Do you know what q-means?
This work addresses the computational bottleneck in large-scale clustering for data analysis, offering significant speedups for both classical and quantum settings, though it is incremental relative to prior quantum work.
The paper tackles the problem of speeding up Lloyd's algorithm for k-means clustering by presenting a classical algorithm with time complexity exponentially improved in data size n, matching a prior quantum algorithm, and proposing an improved quantum algorithm with quadratic runtime improvements in several parameters, achieving optimality in most parameters as shown by query lower bounds.

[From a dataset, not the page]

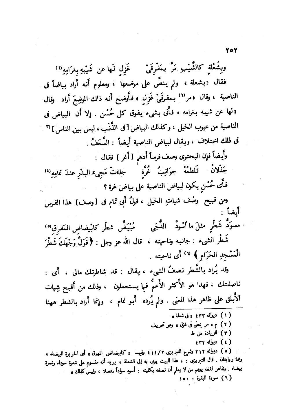 فأي حسن يكون لبياض ناصية على بياض غرة؟ ومن قبيح وصف شيات الخيل قول أبي تمام ف يهذا الفرس أيضاً:

Clustering is one of the most important tools for analysis of large datasets, and perhaps the most popular clustering algorithm is Lloyd's algorithm for $k$-means. This algorithm takes $n$ vectors $V=[v_1,\dots,v_n]\in\mathbb{R}^{d\times n}$ and outputs $k$ centroids $c_1,\dots,c_k\in\mathbb{R}^d$; these partition the vectors into clusters based on which centroid is closest to a particular vector. We present a classical $\varepsilon$-$k$-means algorithm that performs an approximate version of one iteration of Lloyd's algorithm with time complexity $\tilde{O}\big(\frac{\|V\|_F^2}{n}\frac{k^{2}d}{\varepsilon^2}(k + \log{n})\big)$, exponentially improving the dependence on the data size $n$ and matching that of the "$q$-means" quantum algorithm originally proposed by Kerenidis, Landman, Luongo, and Prakash (NeurIPS'19). Moreover, we propose an improved $q$-means quantum algorithm with time complexity $\tilde{O}\big(\frac{\|V\|_F}{\sqrt{n}}\frac{k^{3/2}d}{\varepsilon}(\sqrt{k}+\sqrt{d})(\sqrt{k} + \log{n})\big)$ that quadratically improves the runtime of our classical $\varepsilon$-$k$-means algorithm in several parameters. Our quantum algorithm does not rely on quantum linear algebra primitives of prior work, but instead only uses QRAM to prepare simple states based on the current iteration's clusters and multivariate quantum amplitude estimation. Finally, we provide classical and quantum query lower bounds, showing that our algorithms are optimal in most parameters.